Mary is the “assigned” child (as people are not raised by their birth parents) of Bill and Helen Walden, who seem to lead a decent middle-class life, except for a couple things. For one, Bill and Helen’s alters, Conrad and Clara Manz, are also married to each other, which it turns out is very much out of the norm. “Such rare marriages in which the same bodies lived together on both halves of a shift were something to snicker about.” Conrad, being the hypoalter, knows that Bill has been “cheating” by messing with Conrad’s shifts for a few hours, but what Conrad does not know is that Bill has been having an affair with Clara, whom as you know is Helen’s hypoalter. Now, monogamy is not taken too seriously in this future society; people have affairs pretty casually, and the Waldens and Manzs are chill about messing around behind each other’s backs. The problem is that Bill is not only messing with a hypoalter (hypers and hypos are kept strictly apart, and never the twain shall meet) but his own alter’s spouse.

What starts as Bill and Clara worming their way around regulations to have their meet-and-fuck sessions soon snowballs into Bill jeopardizing both his own “life” and Conrad’s, both physically and by tempting the wrath of the Medicorps. This is all made worse by Mary becoming depressed and fed up with being neglected by her parents, causing her to break a different taboo by tracking down Conrad and Clara. Having the story start with Mary is sort of misleading since she only appears sporadically, but the classroom setting at the beginning gives us a healthy dose of exposition while also establishing how people in this future might want to break out of their regimented relationships with their alters. Since this is a strictly drug-induced culture, it’s also emotionally stifled, with the positives being that war is apparently a thing of the past (again, at least for the US) and crime seems to have gone down massively. The result is a more peaceful but also less free society where even one’s emotional spectrum is narrowed.

There Be Spoilers Here

The outcome is not surprising. Bill gets caught and put on trial by the Medicorps for a gross breach of conduct, with a guilty verdict resulting in either hospitalization for life or “mnemonic erasure,” i.e., death of the personality. If you’ve read a few dystopian narratives in your time then you’ve been here before, and you also know that Bill has to lose—to play the role of Winston Smith and John Savage. Yet even during what would normally be a been-here-done-that sequence in a dystopian narrative (the third-act breakdown of the rebellious hero), Guin once again shows off the wonderful density of the world he’s made. Mnemonic erasure will affect Conrad’s life almost as profoundly as Bill’s, as, being a single persona in a body, Conrad can’t just go around like one of the ancient Moderns. He still has his five-day shift, but during what would be Bill’s shift he gets put in deep freeze, so as to not interfere with the world of his late hyperalter. (Again, never the twain shall meet.) While Conrad is sort of pleased to see his alter put to death, since Bill’s been a huge recurring pain to him, there’s a cost to all this. With Bill gone, Conrad will now be sort of an outcast, and he will not be any freer than he was before.

So it goes.

A Step Farther Out

I have a two-part argument about SF and novellas.

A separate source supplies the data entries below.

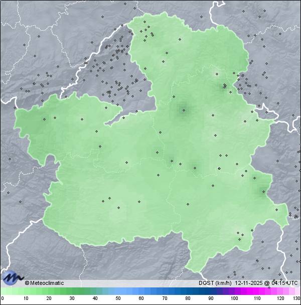 | Actualizado: 01:13 UTC | 10,6°C 70% | 11,1 °C / 70% | | 10,5°C / 66% | | 6 km/h SE | | 22 km/h | | 1.015 hPa |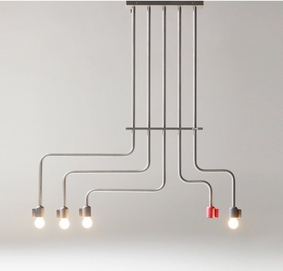 Lande Refinery industriële designlamp – met geïntegreerd stopcontact Vanwege een verbouwing bieden wij deze bijzondere Lande Refinery hanglamp te koop aan. Een echte blikvanger met een stoere, industriële uitstraling en slimme functionaliteit. ✔ Bekroond ontwerp: Ontwerper Ernst Koning won met deze lamp de IF Concept Design Award 2012 ✔ Uniek en flexibel: De vijf buisarmen zijn afzonderlijk beweegbaar, zodat je het licht precies kunt richten waar je het nodig hebt. ✔ Geïntegreerd stopcontact: Geen rondslingerende snoeren meer – in een van de buizen zit een handig stopcontact verwerkt. Ideaal voor werkplekken of tafels waar meerdere mensen samenkomen. ✔ Tijdloos industrieel design: Geïnspireerd op olieraffinaderijen, waardoor deze lamp perfect past in moderne en robuuste interieurs. Kortom, een functionele en stijlvolle lamp die niet alleen mooi, maar ook praktisch is! Interesse? Stuur een bericht voor meer informatie. Nieuwprijs: 1.500,-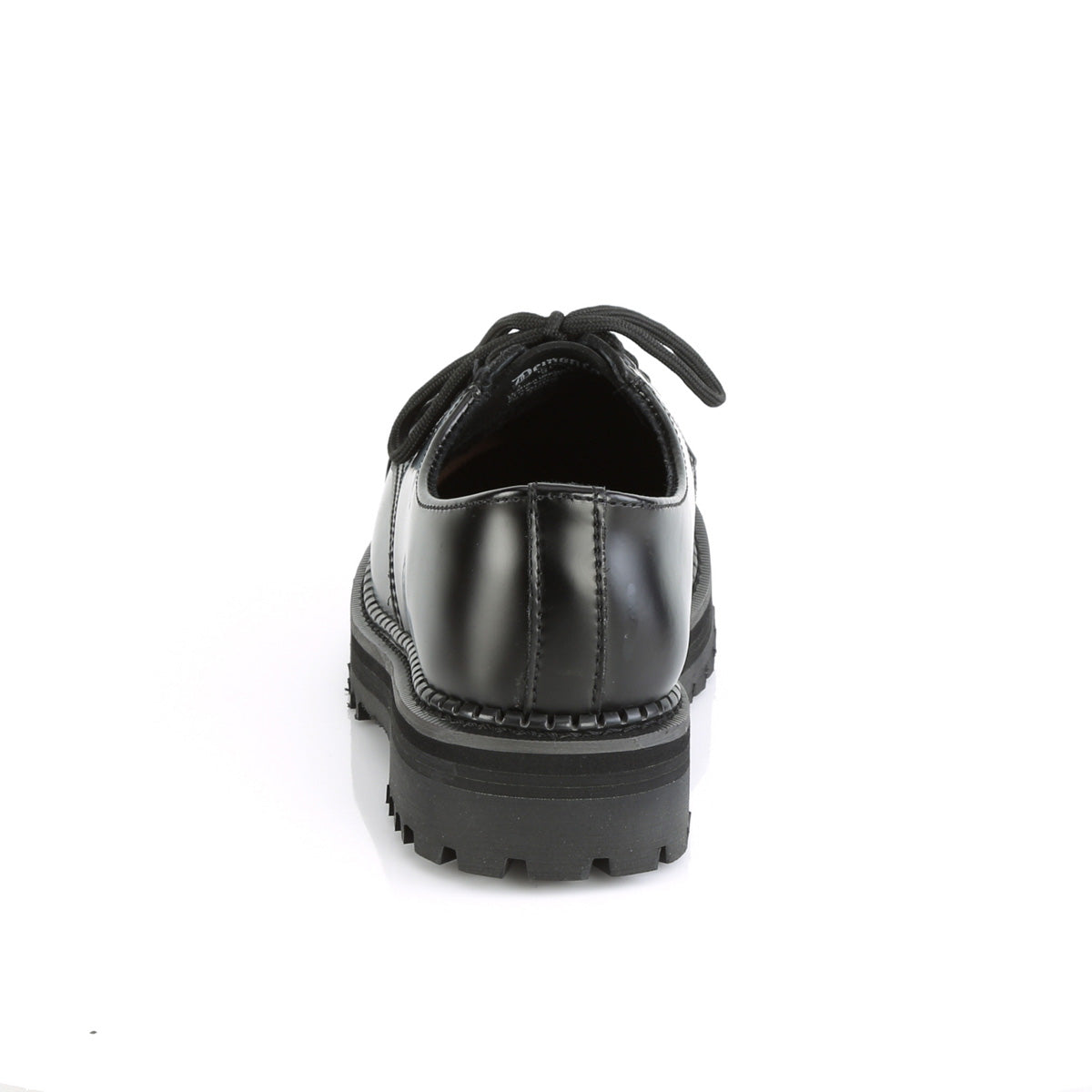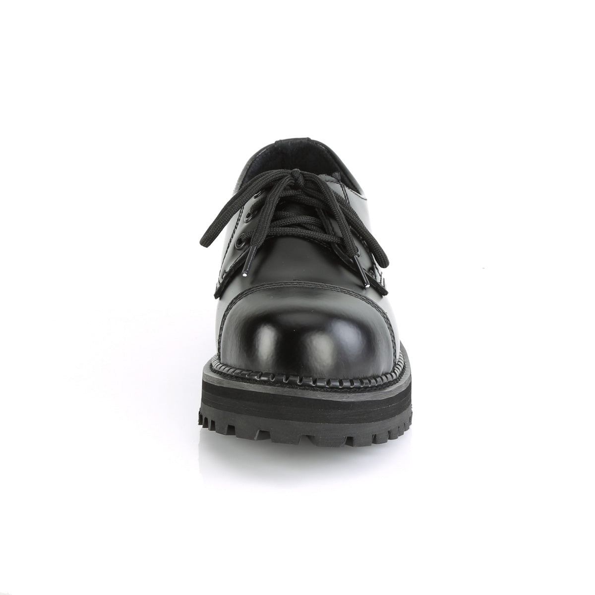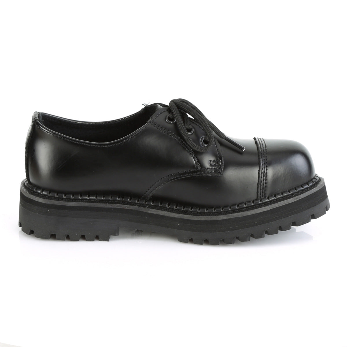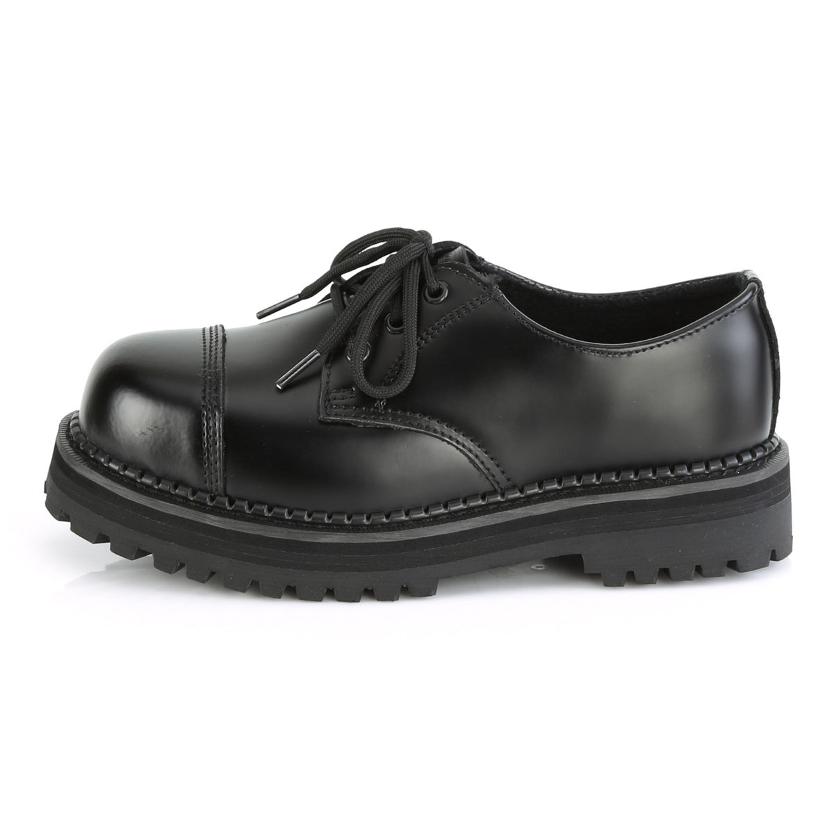 Demonia 3 Eyelet Unisex Leather Steel Toe Classic Shoe, Rubber Sole |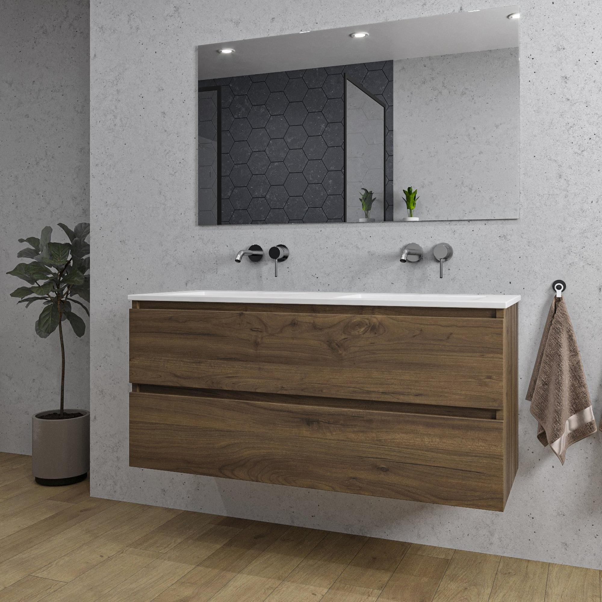 Saniclass Chaci Ensemble meuble de salle de bains - 120x46x57cm - lavabo en céramique blanc - 2 vasques - sans trou de robinet - 2 tiroirs - miroir rectangulaire - noyer (bois)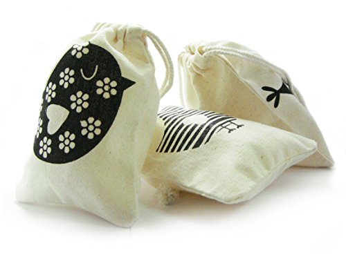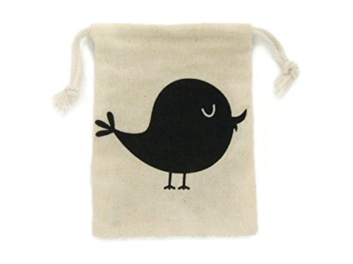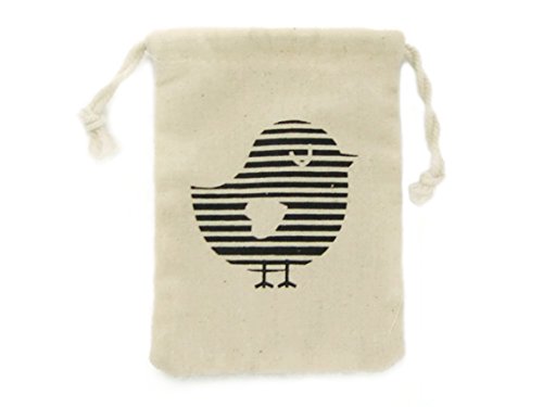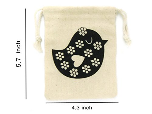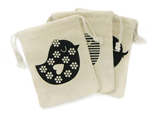 BUMOS Small-sized Unbleached Cotton Reusable Drawstring Gift Bags Wedding Party Gift Spice Bags Natural White 3 Pcs Little Bird, (BA1)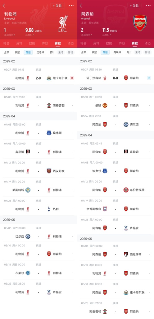 2月27日讯 英超第27轮结束,利物浦2-0纽卡,阿森纳0-0森林,英超前二的分差已经达到13分。

The first part is that SF is imaginative literature, in that it’s a literature chiefly concerned with ideas; the second is that the novella is the ideal mode for a literature of ideas, and by extension ideal for SF. “Beyond Bedlam” has enough meat on its bones to justify a novel, but it gets its point across in 21,000 words. It’s a densely packed depiction of a future society that, while absurd if considered too closely, does what it ought to do, in that it makes the reader think about how this society may be a distant descendent of ours. Guin does what most SF writers don’t in that he envisions a future that is mostly unrecognizable and yet just recognizable enough that we have context. The result is a nuanced dystopian narrative that does not provide easy answers, nor even an easily discernable perspective. If Orwell clearly sides with the individual in 1984, Guin seems unsure about the seesaw balance between individual freedom and public safety. It’s a haunting and mind-bending story, being one of the finest miniature gems of ’50s science fiction.